Wednesday, July 15, 2009

National Treasure 2


Warning: Contains sentence fragments and you might not get it unless you watch National Treasure: Book of Secrets.



What can draw me out of a 2 and a half week hiatus?, Nic Cage of course. I watched National Treasure: Book of Secrets or National Treasure 2 as Starz On Demand named it. Why did I do this? As Sir Edmund Hillary put it when asked why he climbed Mount Everest, "because it's there." I want to try and give a chronological synopsis of the sheer ridiculousness that is NTBS, but there is just so much flying at you it might get garbled.

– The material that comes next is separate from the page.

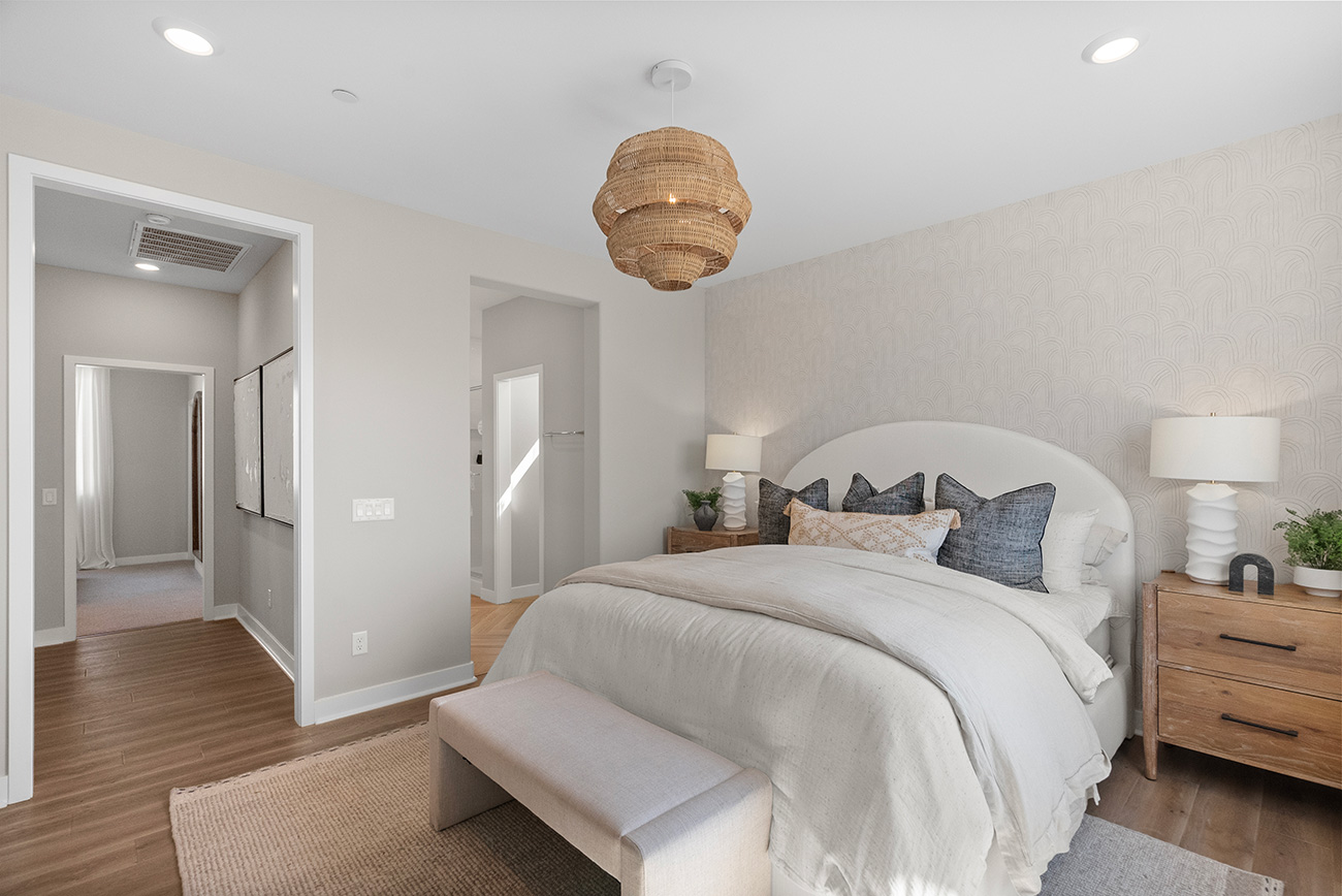 On the second level, the kitchen, dining area, and great room flow together naturally, creating a relaxed space for daily living and casual gatherings. A private deck extends the living area outdoors, adding to the home’s appeal. Upstairs, both bedrooms are tucked away for privacy, including a comfortable owner’s suite with a walk-in closet and nearby laundry. Plan 1 is especially well-suited for buyers looking for a modern Lennar townhome in Valencia by FivePoint with clear separation between work, living, and rest.

First off, I'm not a hater, I am fully willing to sit back and be entertained by an action movie and just buy in. I OWN Steven Segal movies. I will go along with some crazy conspiracy theory plot line. I've read all of Dan Brown's and Michael Crichton's stuff. I will buy in, I promise you. BUT, complete random lunacy is where I stop. NTBS does not fail in this regard.

Spoiler Alert: They find the treasure and everyone falls in love along the way. It's actually not a spoiler alert, I got that much from the Disney production label. Of course, the first time we see Nic Cage, playing Professor Ben Gates, he says he was thrown out of his house by his girlfriend. Let's see if those two crazy kids go on a little adventure and fall (back) in love along the way.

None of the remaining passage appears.